For what, alas! can these my single arms?

What propugnation is in one man’s valour,

To stand the push and enmity of those

This quarrel would excite? Yet, I protest,

Were I alone to pass the difficulties,

And had as ample power as I have will,

Paris should ne’er retract what he hath done,

Nor faint in the pursuit.

Pri.Paris, you speak

Like one besotted on your sweet delights:

You have the honey still, but these the gall;

So to be valiant is no praise at all.

Par.Sir, I propose not merely to myself

The pleasure such a beauty brings with it;

But I would have the soil of her fair rape

Wip’d off, in honourable keeping her.

What treason were it to the ransack’d queen,

Disgrace to your great worths, and shame to me,

Now to deliver her possession up,

On terms of base compulsion!

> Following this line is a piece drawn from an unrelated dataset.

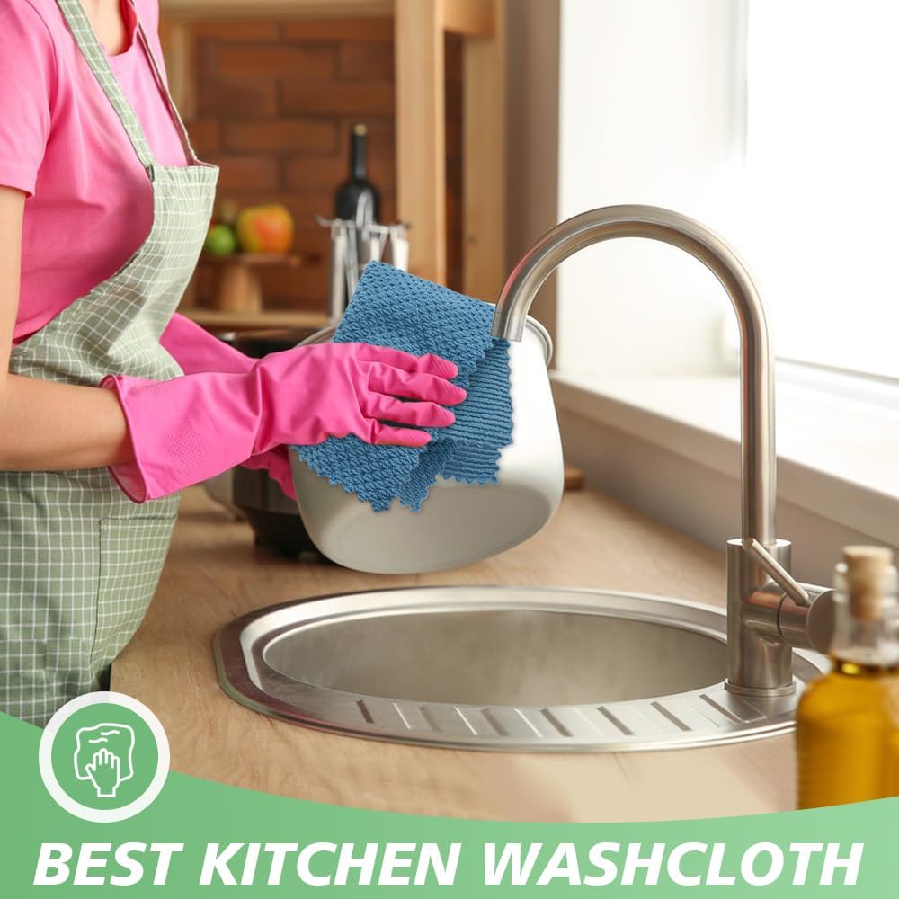 - Highly Absorbent & Soft:These super soft, non-abrasive microfiber cloths can cleans deep, but won't damage delicate surfaces. Using for dusting, scrubbing, polish and drying your entire home. The kitchen wash cloths are lightweight, absorbs water more & faster and dries faster than cotton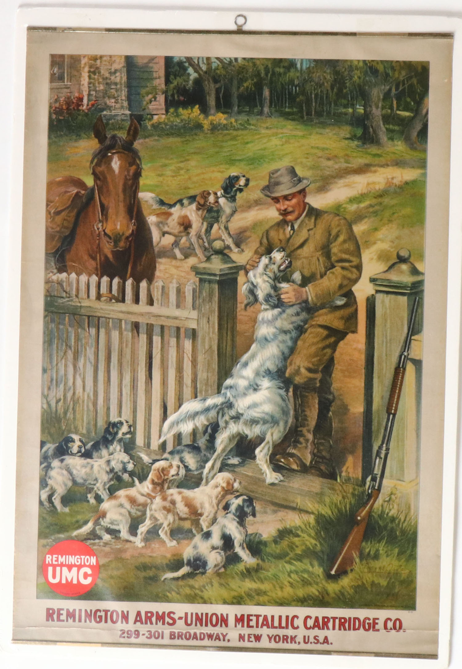 Remington UMC Poster, pictures hunter returning home with a pump shotgun & greeting his dog with a litter of puppies, has near perfect colors with no edge wear, only a crease at bottom, has metal bands top & bottom with brass hanger, 17'' x 25''. Very Hard to Find! Grade: Excellent + - Value: 1000 to 3000

Can it be

That so degenerate a strain as this

Should once set footing in your generous bosoms?

There’s not the meanest spirit on our party

Without a heart to dare or sword to draw

When Helen is defended, nor none so noble

Whose life were ill bestow’d or death unfam’d

Where Helen is the subject: then, I say,

Well may we fight for her, whom, we know well,

The world’s large spaces cannot parallel.

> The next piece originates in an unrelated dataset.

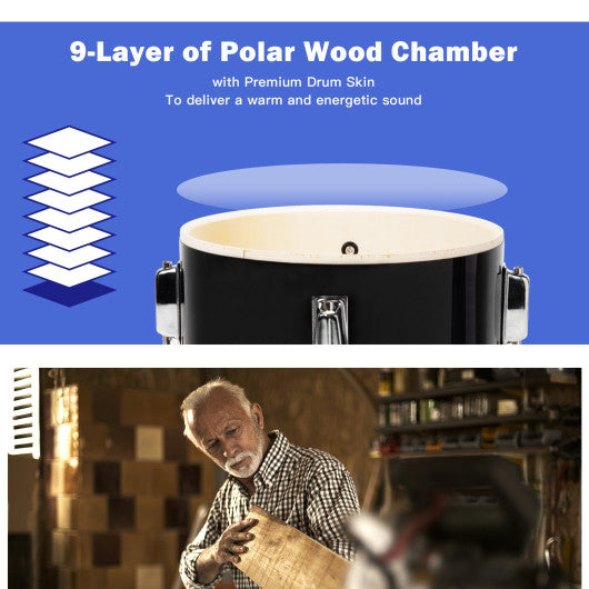 16 Inch 5 Pieces Complete Kids Junior Drum Set Children Beginner Kit-Black

Hect.Paris and Troilus, you have both said well;

And on the cause and question now in hand

Have gloz’d, but superficially; not much

Unlike young men, whom Aristotle thought

Unfit to hear moral philosophy.

The reasons you allege do more conduce

To the hot passion of distemper’d blood

Than to make up a free determination

’Twixt right and wrong; for pleasure and revenge

Have ears more deaf than adders to the voice

Of any true decision. Nature craves

All dues be render’d to their owners: now,

What nearer debt in all humanity

Than wife is to the husband? if this law

Of nature be corrupted through affection,

And that great minds, of partial indulgence

To their benumbed wills, resist the same;

There is a law in each well-order’d nation

To curb those raging appetites that are

Most disobedient and refractory.

If Helen then be wife to Sparta’s king,

As it is known she is, these moral laws

Of nature, and of nations, speak aloud

To have her back return’d: thus to persist

In doing wrong extenuates not wrong,

But makes it much more heavy. Hector’s opinion

Is this, in way of truth; yet, ne’ertheless,

My spritely brethren, I propend to you

In resolution to keep Helen still;

For ’tis a cause that hath no mean dependance

Upon our joint and several dignities.

Tro.Why, there you touch’d the life of our design:

Were it not glory that we more affected

Than the performance of our heaving spleens,

I would not wish a drop of Trojan blood

Spent more in her defence. But, worthy Hector,

She is a theme of honour and renown,

A spur to valiant and magnanimous deeds,

Whose present courage may beat down our foes,

And fame in time to come canonize us;

For, I presume, brave Hector would not lose

So rich advantage of a promis’d glory

As smiles upon the forehead of this action

For the wide world’s revenue.

Hect.I am yours,

You valiant offspring of great Priamus.

I have a roisting challenge sent amongst

The dull and factious nobles of the Greeks

Will strike amazement to their drowsy spirits.

I was advertis’d their great general slept

Whilst emulation in the army crept:

This, I presume, will wake him.[Exeunt.